Data below -

*** Begin section ***

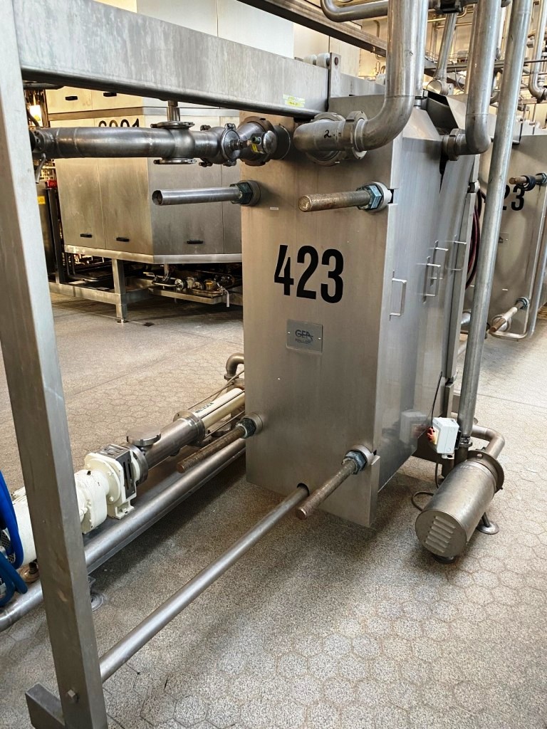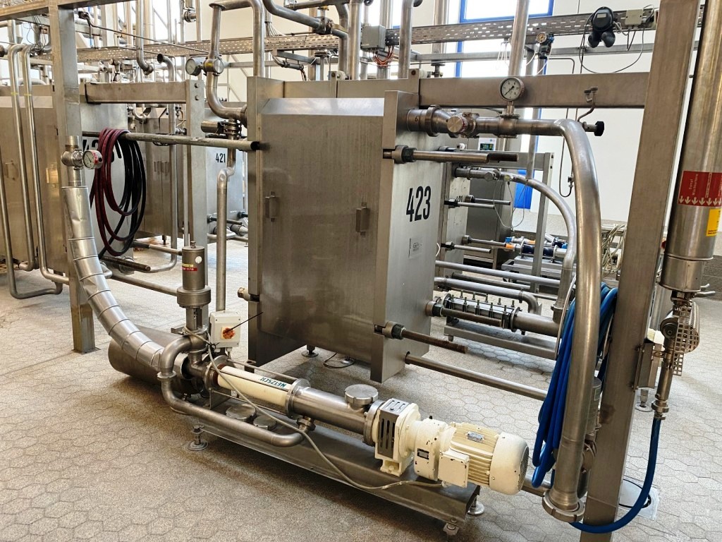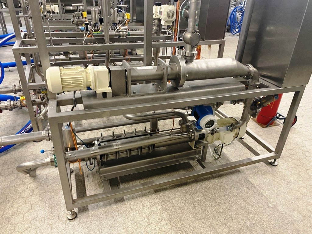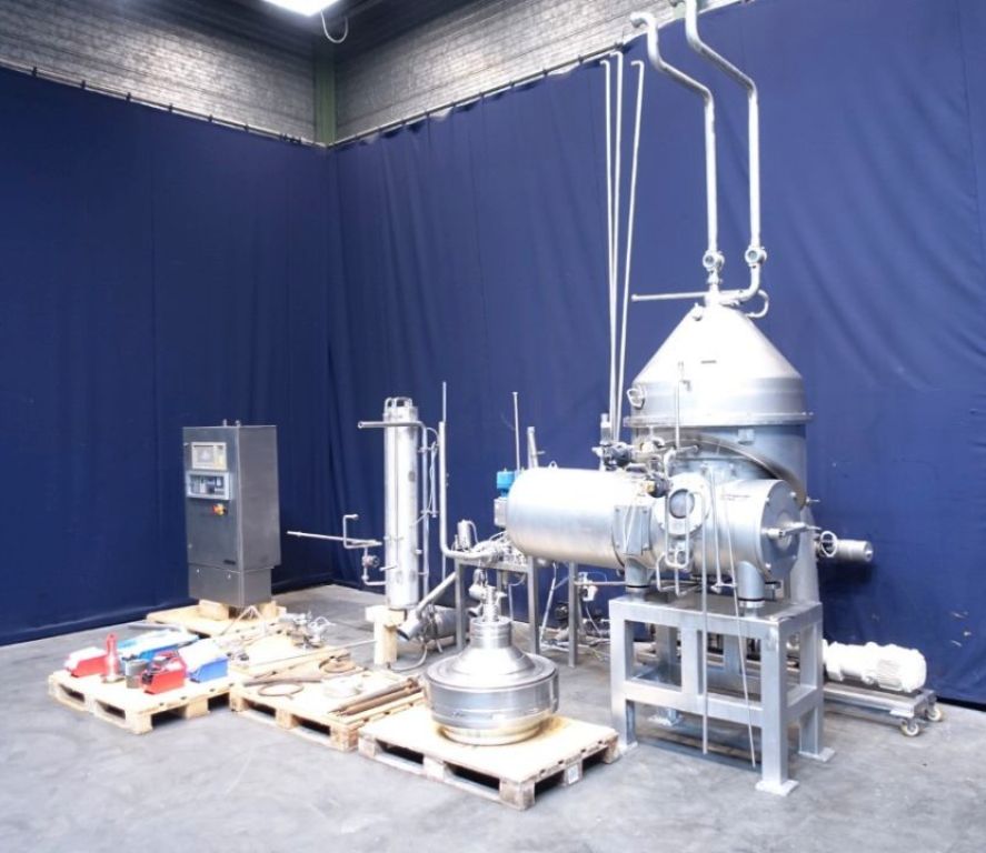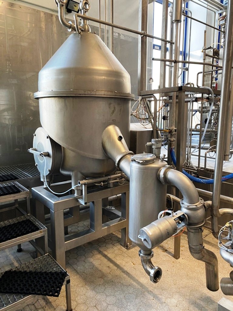 Max bowl speed 4900 RPM, rated @ 6600 LPH fresh cheese, 3300 LPH cream cheese, 45 KW motor 380/3/50/1470 RPM, valve block, Miromatic cream dosing and mixing station, Netzsch quark pumps, GEA plate heat exchanger (cooler), water harness, yogurt hopper, tools, PLC/HMI control panel and all piping. 2000 vintage. Excellent condition. FCA Europe.
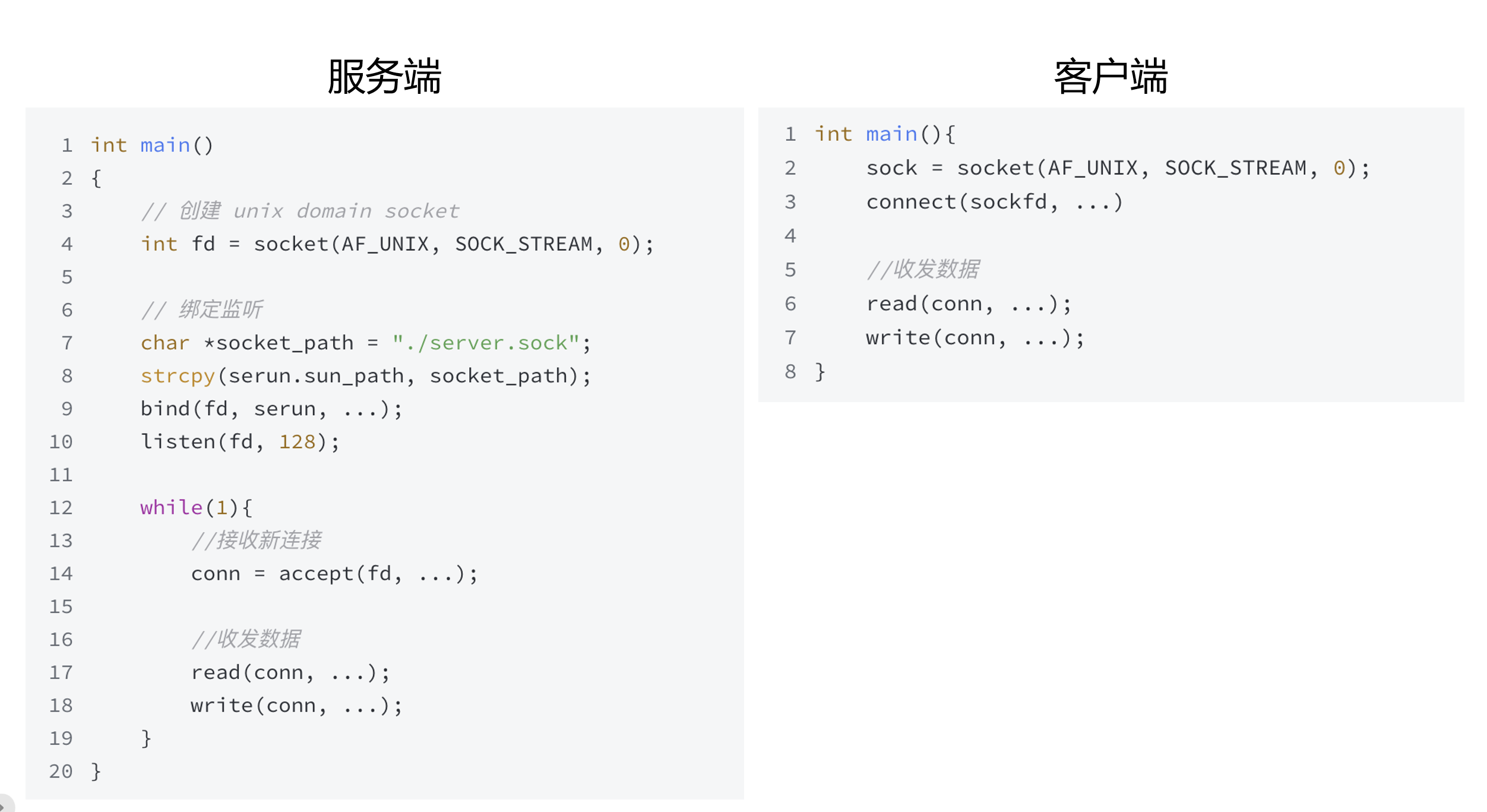 socket(AF_UNIX, SOCK_STREAM, 0)创建一个 Unix domain stream socket。 - 服务端通过
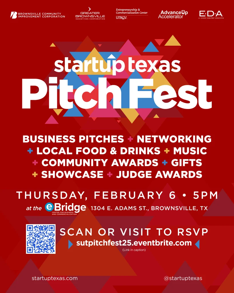 The Startup Texas Pitch Fest is set to take place on Thursday, February 6, 2025, at the eBridge Center for Business and Commercialization in Brownsville, Texas. Organized by the Brownsville Community Improvement Corporation (BCIC) in partnership with UTRGV Entrepreneurship and Commercialization Center (ECC), the event will feature live business pitches, networking, local food and music, […]

*** End section ***

Copy the listing above verbatim, leaving out pictures.

Exercise output -
 Max bowl speed 4900 RPM, rated @ 6600 LPH fresh cheese, 3300 LPH cream cheese, 45 KW motor 380/3/50/1470 RPM, valve block, Miromatic cream dosing and mixing station, Netzsch quark pumps, GEA plate heat exchanger (cooler), water harness, yogurt hopper, tools, PLC/HMI control panel and all piping. 2000 vintage. Excellent condition. FCA Europe.
 socket(AF_UNIX, SOCK_STREAM, 0)创建一个 Unix domain stream socket。 - 服务端通过
 The Startup Texas Pitch Fest is set to take place on Thursday, February 6, 2025, at the eBridge Center for Business and Commercialization in Brownsville, Texas. Organized by the Brownsville Community Improvement Corporation (BCIC) in partnership with UTRGV Entrepreneurship and Commercialization Center (ECC), the event will feature live business pitches, networking, local food and music, […]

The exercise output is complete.